PROBLEM REQUIREMENTS:
Restate the data below word for word, and let no image into your version.

SOURCE INFORMATION:
::::::
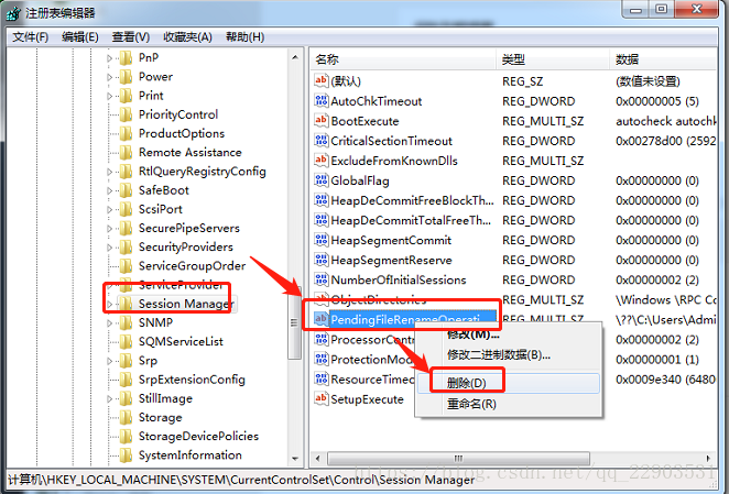 在注册表左侧目录栏中找到如下位置:“HKEY_LOCAL_MACHINE——SYSTEM——CurrentControlSet——Control——Session Manager”然后在右侧选择删除“PendingFileRenameOperations”项即可。
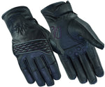 Women's glove made with premium grade durable Aniline goat featuring contrasting hot pink stitching, gel palm, touch screen finger tips, reflective piping,light lining and adjustable wrist strap.
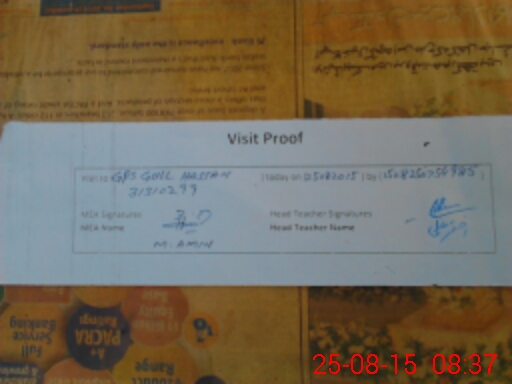 | Attendance Register | Head Teacher | MEA with School | Visit Proof |
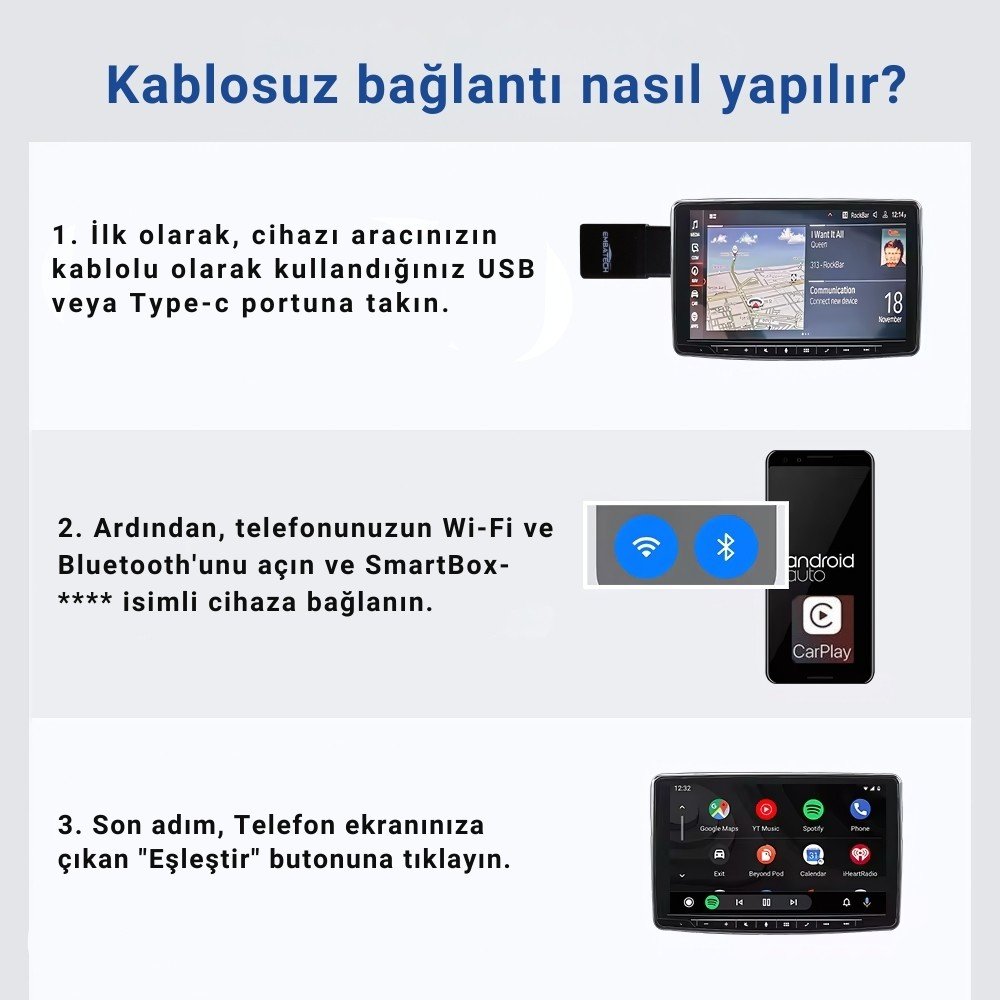 1. Cihazın Çalışabilmesi İçin Aracınızda Kablolu Carplay Olması Gerekmektedir.
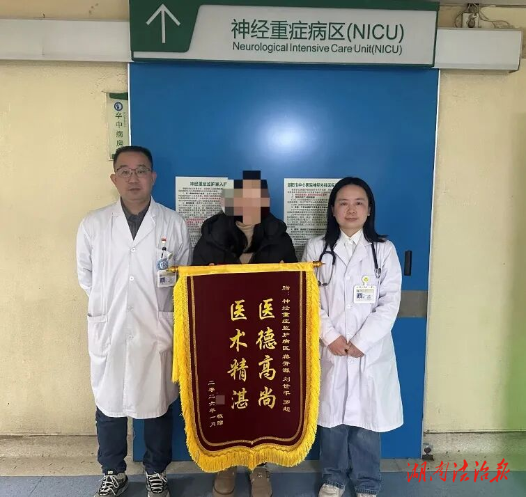 转入普通病房后,经逐层递进的康复治疗后,患者能够独立行走,生活基本自理。出院那天,患者家属为神经重症团队送来了情真意切的锦旗,对救治团队表示感谢。
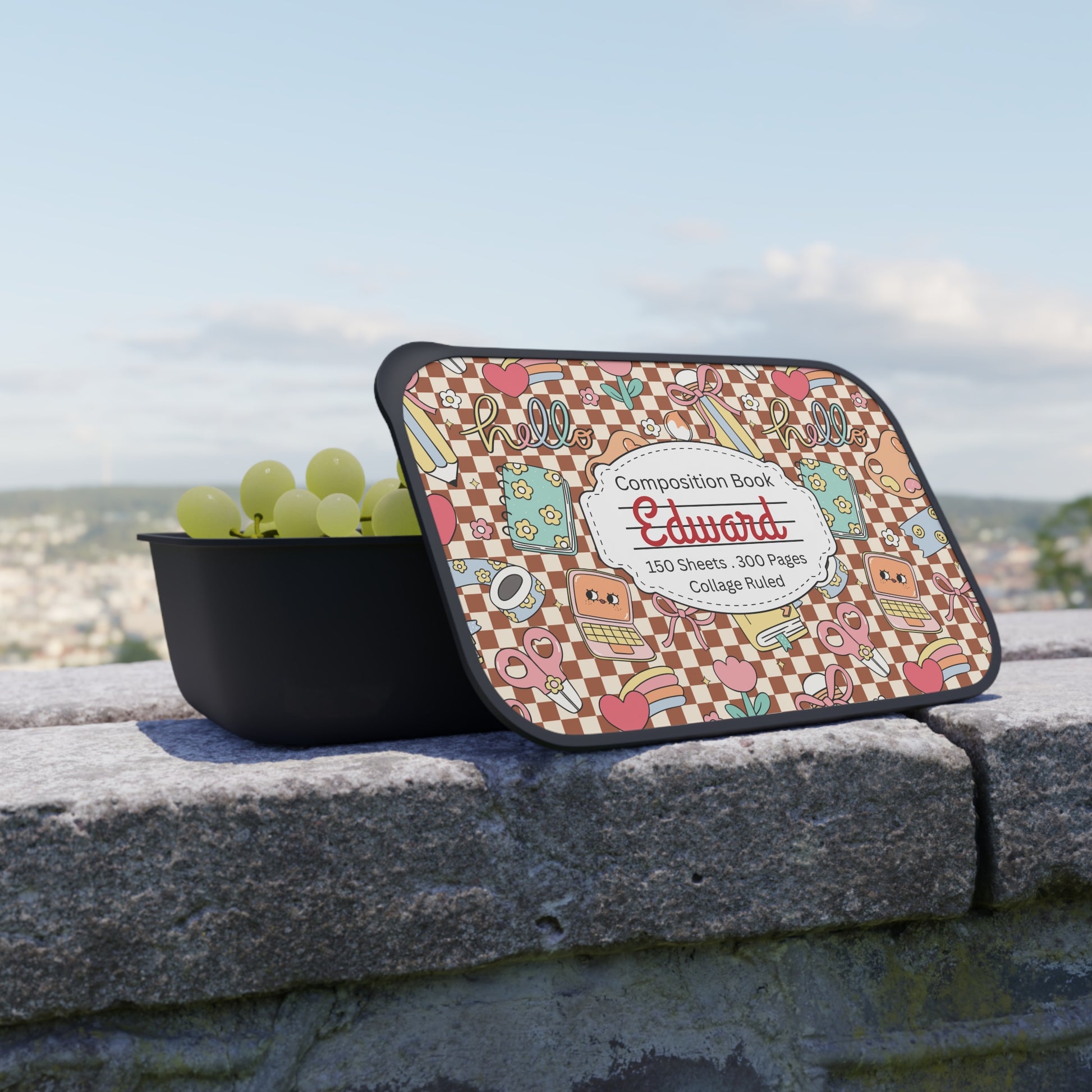 Personalized Brown Doodle Daydream Composition Book Inspired Bento Box, Fun Lunch Container, School Lunch, Meal Prep, Kids' Utensils, Back to School, Child's Lunchbox
::::::
SOLUTION TO THIS TASK:
 在注册表左侧目录栏中找到如下位置:“HKEY_LOCAL_MACHINE——SYSTEM——CurrentControlSet——Control——Session Manager”然后在右侧选择删除“PendingFileRenameOperations”项即可。
 Women's glove made with premium grade durable Aniline goat featuring contrasting hot pink stitching, gel palm, touch screen finger tips, reflective piping,light lining and adjustable wrist strap.
 | Attendance Register | Head Teacher | MEA with School | Visit Proof |
 1. Cihazın Çalışabilmesi İçin Aracınızda Kablolu Carplay Olması Gerekmektedir.
 转入普通病房后,经逐层递进的康复治疗后,患者能够独立行走,生活基本自理。出院那天,患者家属为神经重症团队送来了情真意切的锦旗,对救治团队表示感谢。
 Personalized Brown Doodle Daydream Composition Book Inspired Bento Box, Fun Lunch Container, School Lunch, Meal Prep, Kids' Utensils, Back to School, Child's Lunchbox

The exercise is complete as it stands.